Uh, I use it for demos that I do for things that, uh, I find helpful. So, I don’t know. Maybe you will too. I don’t know. If you don’t, go do something else with your life. I don’t care that much. Um, but, what I found is every time I wanted to use this thing on a, uh, on an instance with a good chunk of memory, it would be, it was slow. Terribly, dreadfully, painfully slow. If we look at the execution plan, uh, we see that it took about 2 minutes and 44 seconds to run.

And, uh, who could wait that long for anything? Uh, and it made, uh, certain demos very difficult to do live or even to, like, sort of do off-the-cuff recording. I would have to, like, pre-stage everything so that it would be set up here. So, we were just, like, like, sitting around waiting for this and awkwardly staring at the camera.

Or, like, doing a cut scene or a montage, lifting weights in my short shorts, running on a beach, karate-kicking seagulls, whatever.

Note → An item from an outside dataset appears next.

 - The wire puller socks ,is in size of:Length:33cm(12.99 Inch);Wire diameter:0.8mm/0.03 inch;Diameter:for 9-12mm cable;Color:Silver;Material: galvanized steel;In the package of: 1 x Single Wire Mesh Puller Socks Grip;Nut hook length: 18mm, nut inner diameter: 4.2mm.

Uh, but, I mean, just, you know, kind of, like, digging through the execution plan. Again, very helpfully looking at the operator times under these things, right?

So, we no longer have to care about percentages because, I mean, not that they meant anything anyway. Shut up, car. But, it was helpful, it’s much more helpful to sort of, like, follow the yellow brick road of operator times to when things sort of drop off and pick up.

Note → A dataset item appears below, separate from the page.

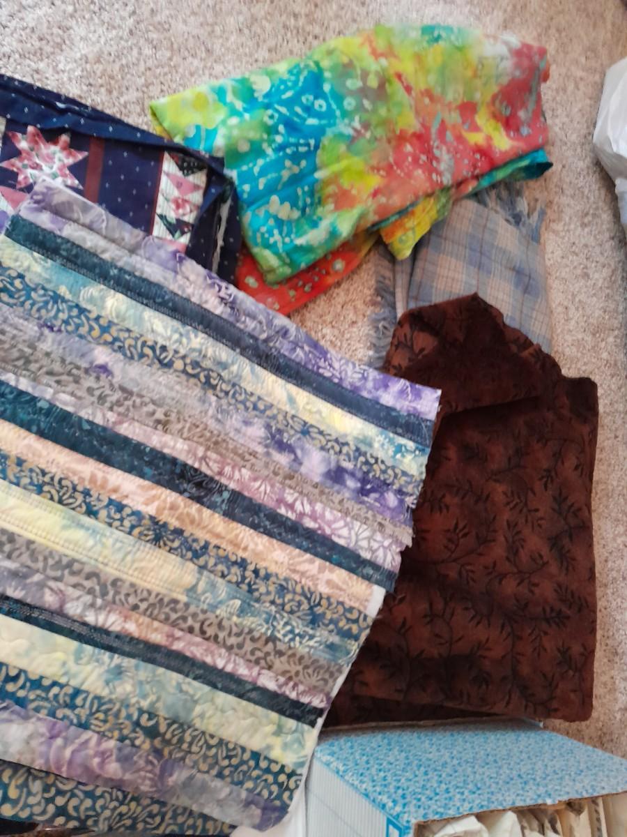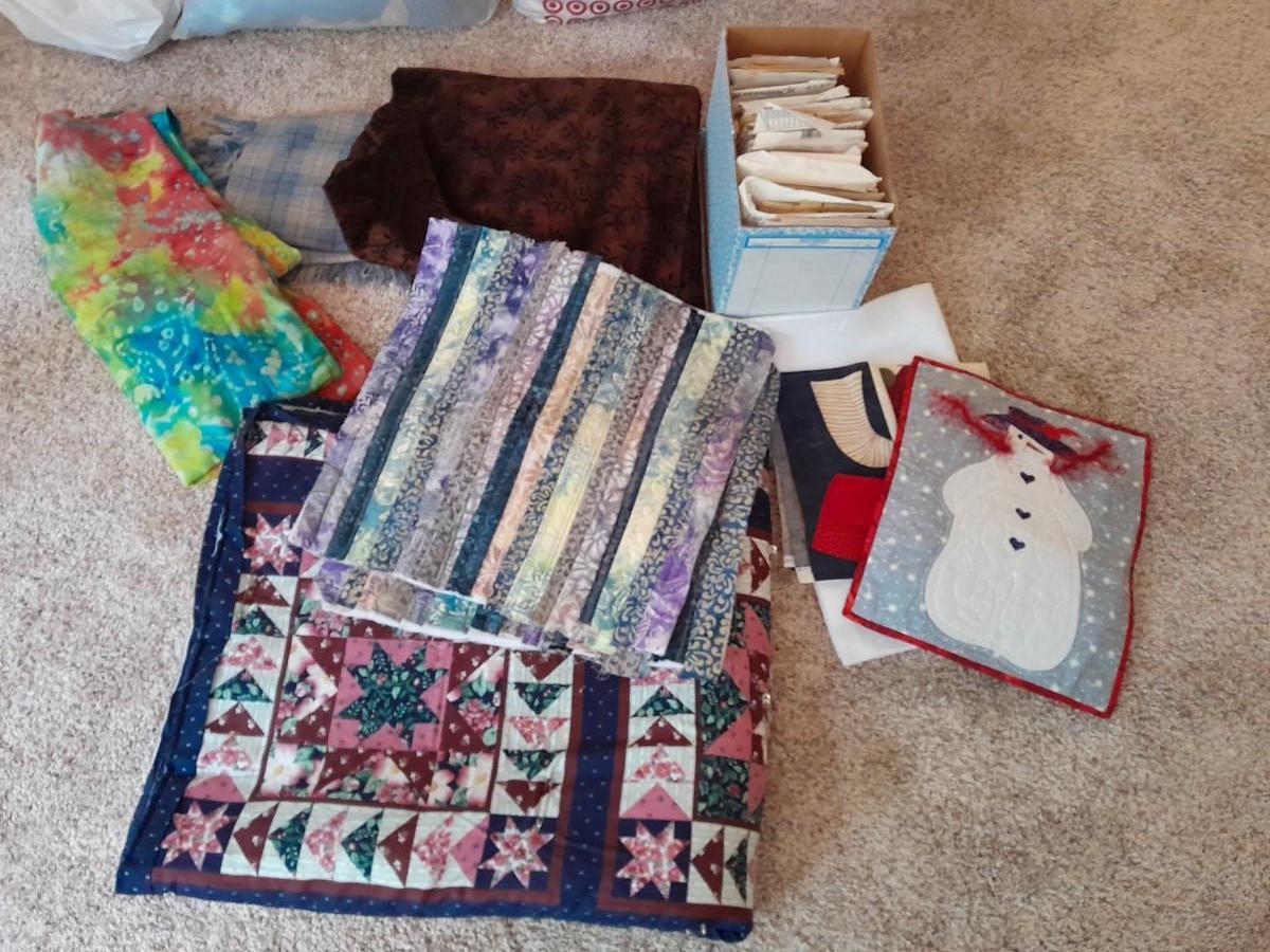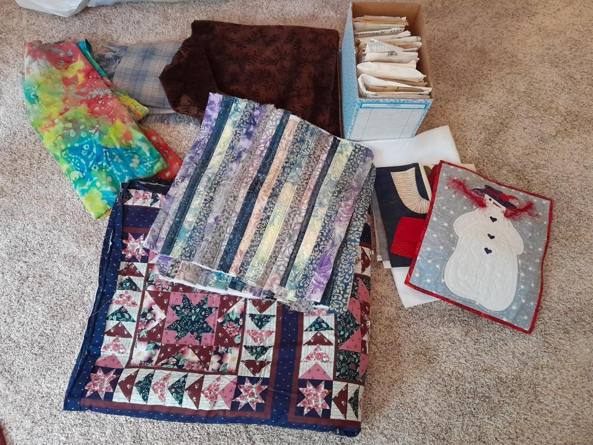 FABRIC SCRAPS SOME QUILTED, AND CLOTHING PATTERNS

So, kind of framing this a little bit, we have this nested loops join that hits 2.15. And we have this concatenation that is at 0.001. And down here, we have this table spool, which takes a minute and 36 seconds.

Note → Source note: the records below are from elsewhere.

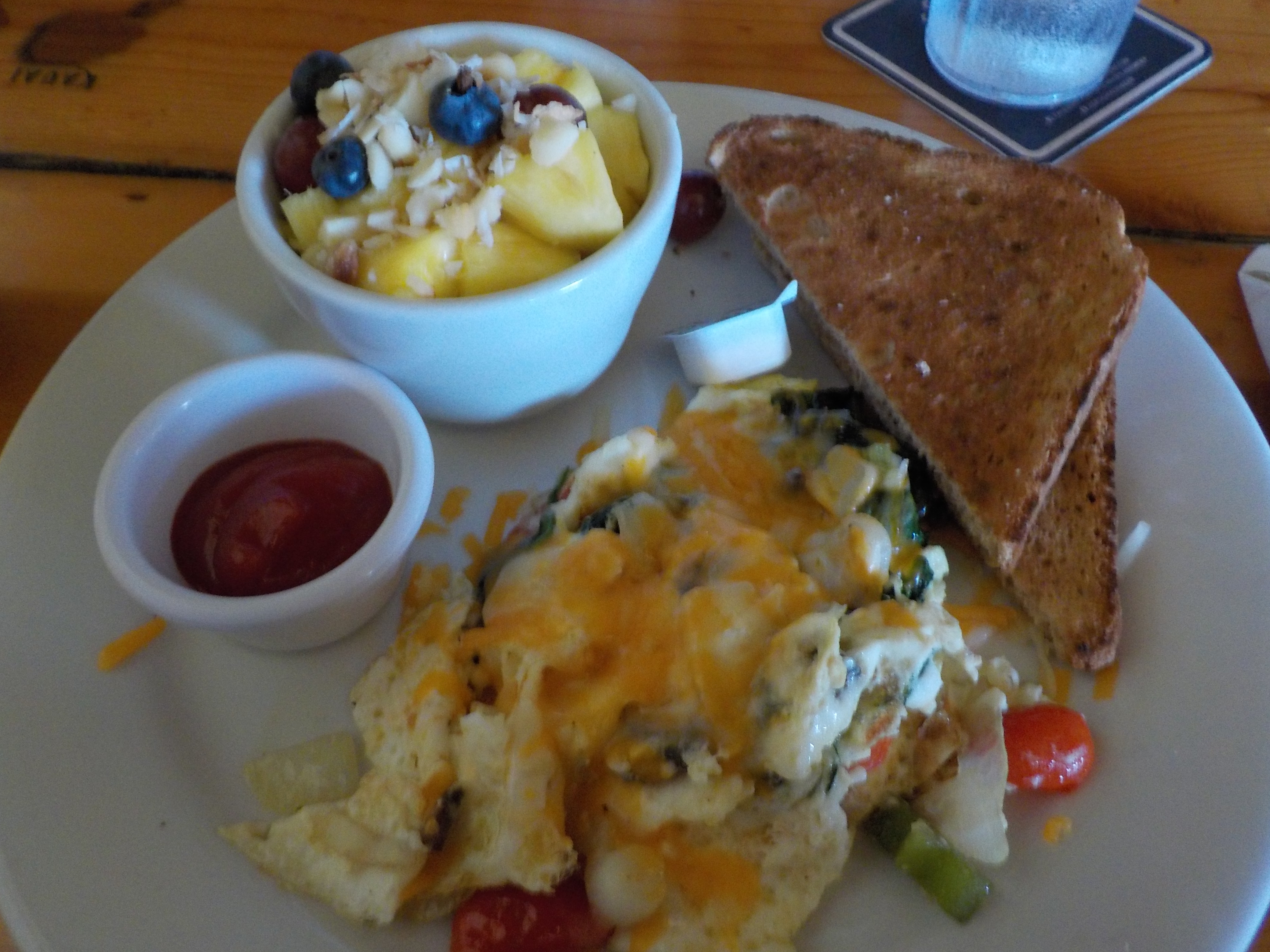 為咗唔好食得咁heavy,我哋揀咗Healthy Choices底下嘅Garden Isle Scramble,有雜菜芝士蛋白奄列、全麥多士、水果杯,我就飲橙汁,day當然係咖啡啦~不過可能都係太素,食完飽就飽,但滿足感就好似差少少⋯下次都係要食番少少肉⋯:p同埋唔知鬼佬係咪唔識得用鹽水浸住切好嘅新鮮菠蘿呢?夏威夷食到嘅菠蘿好多時都比較刺激喉嚨,嗱,要好好學習啦~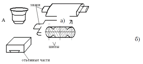 Для удержания стержня в нужном положении, во время заливки формы металлом, его вставляют в специальные углубления в форме, которые образуются выступами на модели, так называемыми знаками (рисунок 13 – б).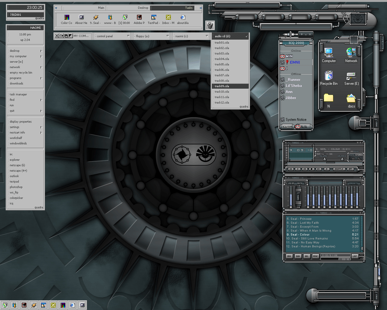 It is called (Logika Premium Suite) buy pixtudio. [link] It utilizes and skins a lot of the programs that come with object desktop. also skins winamp and WMP. The Icons on the dock on the side I found on the net. The dock is called object dock and can be gotten for free at stardock.com. Running all of this all the time will slow my computer down a bit but I don't use it with this much stuff running very often. ( I was just showing off what it can do) Just the normal windowblinds skin and the skinned winamp causes no problems at all.Related content

Prior to that table spool, we do some nonsense where we hit this view, sysalloc units. And, uh, I’m mispronouncing that would have been deadly. Uh, and this one down here, sys.buffer descriptors.

And we sort of join those together. And then we spend a bunch of time in the spool and a bunch of time in this nested loops join. And this, and the spool, of course, is trying to save us some trouble with the nested loops join.

It’s like, oh, I don’t know how repetitive this stuff is going to be. I don’t know if I want to do everything down here over and over again. I’m going to use a spool to cache some information and reuse it if I can.

Uh, you know, I don’t know how helpful this spool actually was. We look at the properties of the spool. And we look at the, uh, the rebinds and the rewinds.

Well, you know, I guess, I guess it’s okay. Deal with it. But, uh, I don’t like this spool. And if you look at the nested loops join, and kind of zoom in on the tool tip, it’s all happening because of this very, very difficult predicate.

Uh, there’s a lot of and and or logic in this join condition. Let’s go zoom in on what the join condition looked like beforehand. Uh, and this is, you know, sort of many times looking at, uh, queries and looking at, uh, you know, things that people wrote up in the real world.

This is like the enemy of performance. This is not a good thing to do if you want queries to run quickly. Uh, especially, you know, bigger queries, more rows, things you have to worry about, performance. Ah, terrifying.

So, uh, you know, my initial reaction. And I guess we can just come over here. My initial reaction was just to try a query hint on here for no performance spools. Zero performance spools.

Which would get rid of, uh, actually gets rid of a few different kinds of spools in query plans. And get rid of row count spools. Uh, lazy table spools. And, uh, lazy index spools. It does not get rid of eager index spools.

Uh, the only thing that does that is a, uh, uh, turning off certain query rules via other things that we’re not talking about here. But, um, no, with the no performance spool hit, if we look at the query plan, we get a faster one. Still faster.

56 seconds. So we did better. It still takes a full minute. It’s still a lot of time to kill. We don’t feel like talking, really. It’s, uh, you know, kind of dragging along the query plan. You know, it’s kind of the same, same set of yuckiness.

Like, why does it take five seconds to seek into an index? Like, what, what are you doing? You know, who designs these things? Add an index.

Add a good index. Why is this? This is silly. Uh, and then this one, or three seconds. And, you know, like, like focusing in on the operator times. There’s a thing that’s like, we have big jumps, right? Not like, we don’t want like incremental ones. Incremental ones are boring.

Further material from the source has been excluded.